I fin­ished my TESOL MA in 1987, three years after I grad­u­ated from Stony Brook Uni­ver­sity with a dou­ble major in Eng­lish and Lin­guis­tics. In Fall 1984, right after my senior year, I enrolled in the Cre­ative Writ­ing MA at Syra­cuse Uni­ver­sity – this was before they had an MFA – where I stud­ied with Tess Gal­lagher, Philip Booth and Hay­den Car­ruth. I lasted just one year. I was 22 at the time, and I was sure that writ­ing poetry was what I wanted to do with my life. I fig­ured I’d make my liv­ing as a teacher, but it was as a writer that I intended to leave my mark. I t was not long before cir­cum­stances at Syra­cuse con­spired to make me real­ize how young I was, and how arrogant.

It was Philip Booth who sat me down towards the end of the Spring 1985 semes­ter and told me that, while I cer­tainly knew how to han­dle a line of verse, and while I also very clearly knew my way around a sen­tence, there was not yet a real cen­ter to my work, no set of con­cerns out of which my poetry grew. That absence, he sug­gested, would make it very hard to write the the­sis – a book of poetry – that I would have to write in my sec­ond year. What I needed, he said, was to live a lit­tle bit and there was just no get­ting around the fact that liv­ing would take time. So why didn’t I take some time away from school, he offered, and see what that did to my writ­ing. Mr. Booth’s words – I never got to the point where I felt com­fort­able call­ing him Philip – meant a great deal to me, and if I had to say now what I learned from them it would be that you don’t have to go to school to become a writer.

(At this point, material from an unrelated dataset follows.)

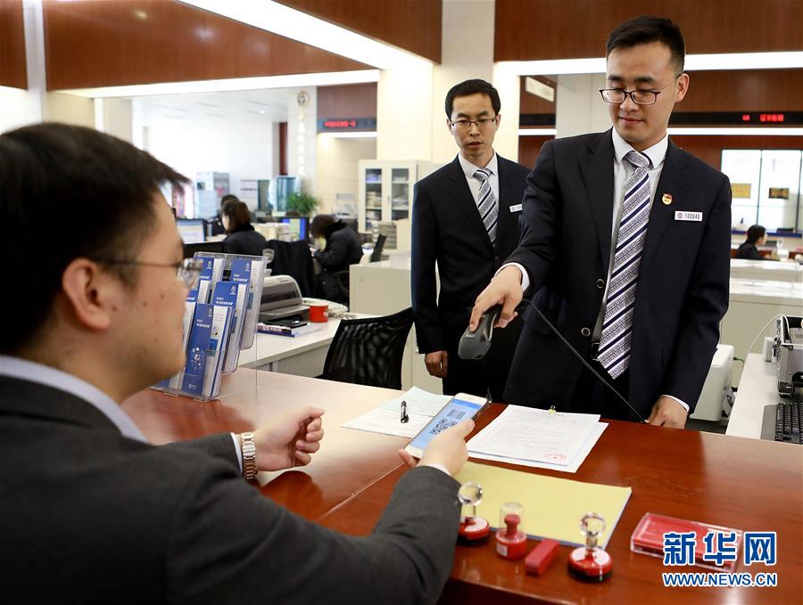 4月9日,中国国家市场监督管理总局推出的手机版电子营业执照在天津自贸试验区东疆片区首批发放。这是工作人员为天津花生好车汽贸有限公司董事长陈鹏云(左一)扫码登记。新华社发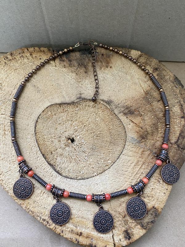 На дротовій основі. Повністю фурнітура мідного кольору. Є вкраплення персикового коралу. Дукати зі старовинним візерунком. Є подовжувач.

So I went to my grad­u­ate advi­sor and told him I wanted to take a year off from school to work on my writ­ing. I was not expect­ing his response. “If you want to go com­mune with your muse,” he sneered at me (and, yes, it was a sneer), “that’s your busi­ness, but you came to school – or at least I assume you came to school – to learn some­thing and that’s not going to hap­pen sit­ting alone beneath a tree try­ing to cap­ture the wind in a song!” This was dur­ing what I have heard peo­ple refer to as The The­ory Wars, when lit­er­ary the­o­rists and cre­ative writ­ing fac­ulty were, quite lit­er­ally, at war with each other over the legit­i­macy of their dif­fer­ent pur­suits. My grad­u­ate advi­sor was clearly in the the­o­rists’ camp, and I guess I have him to thank that not only did I take time off from Syra­cuse, but also that I never went back. I think I have led a much more inter­est­ing life than if I’d stayed at Syra­cuse and got­ten my MA, though it is also true that if I’d known then what I know now about acad­e­mia, and if I’d known then that I would end up as an aca­d­e­mic, I might have made very dif­fer­ent choices.